==== Exercise data ====
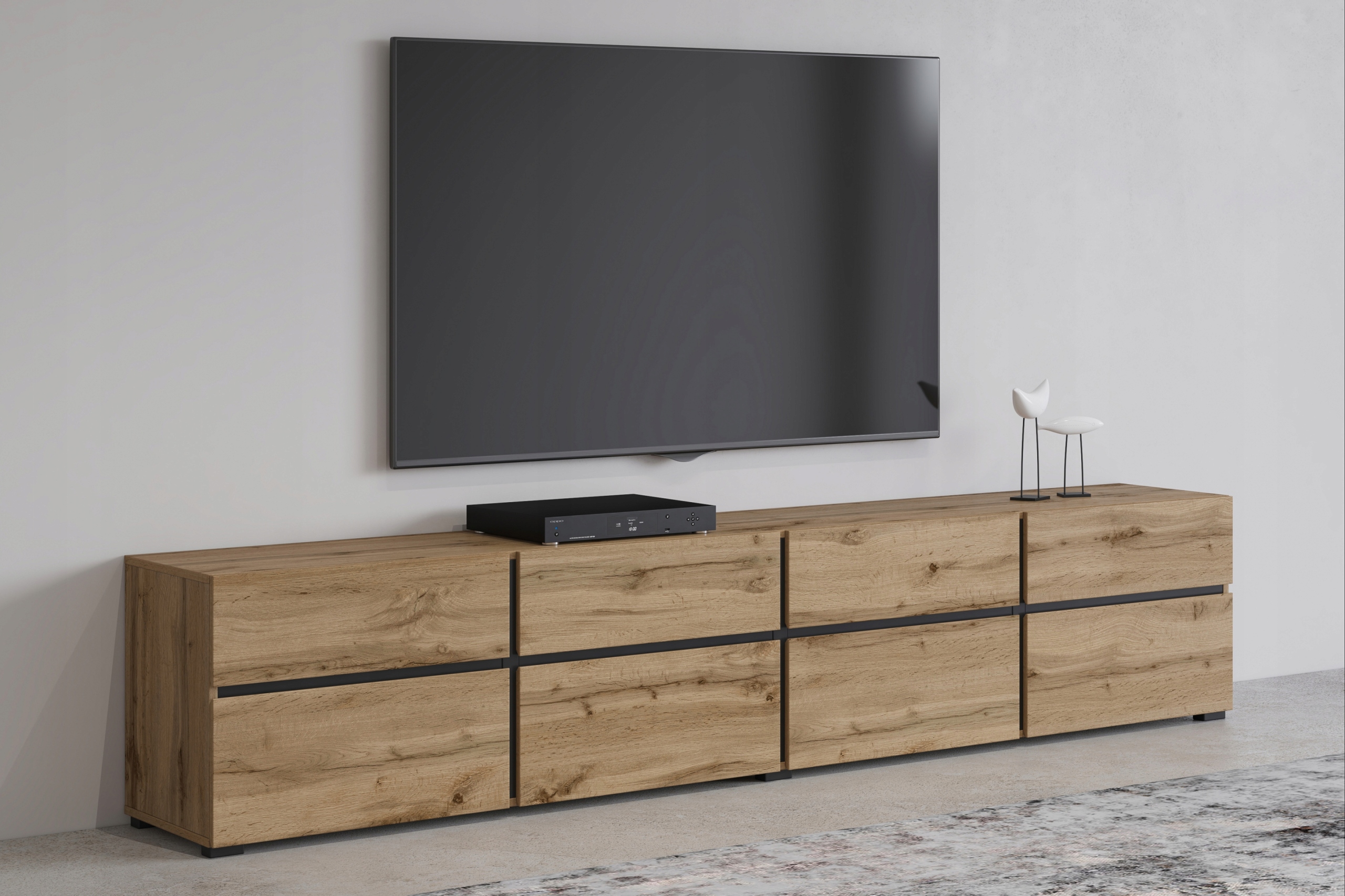 Komoda pod telewizor stolik szafka RTV CROSS dąb wotan 225cm duża Modern
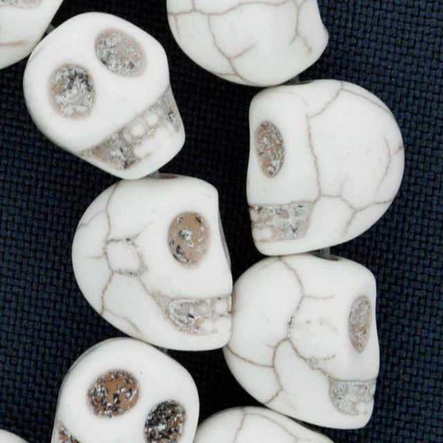 Entremeio Miçanga Caveira de Pedra Howlita Branca para Pulseiras Guias - 12x10mm
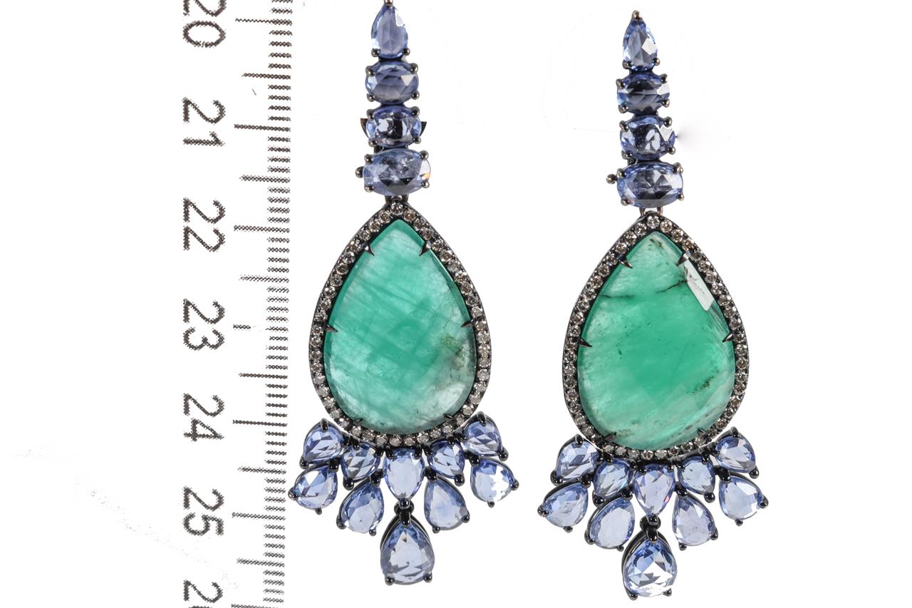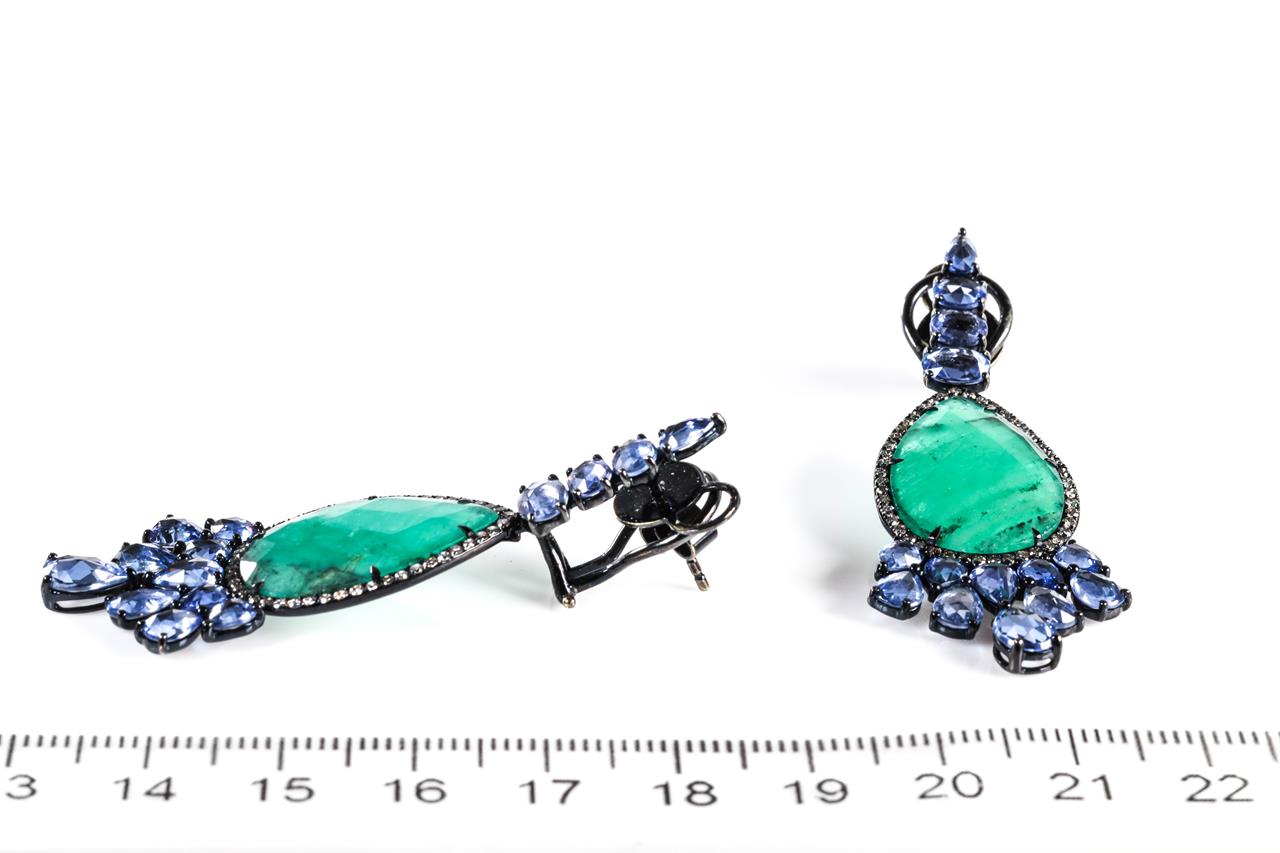 Emerald, Sapphire and Diamond Drop Earrings | First State Auctions
====
Task requirements. Restate the data above word for word. Skip every picture.

Your solution.
 Komoda pod telewizor stolik szafka RTV CROSS dąb wotan 225cm duża Modern
 Entremeio Miçanga Caveira de Pedra Howlita Branca para Pulseiras Guias - 12x10mm
 Emerald, Sapphire and Diamond Drop Earrings | First State Auctions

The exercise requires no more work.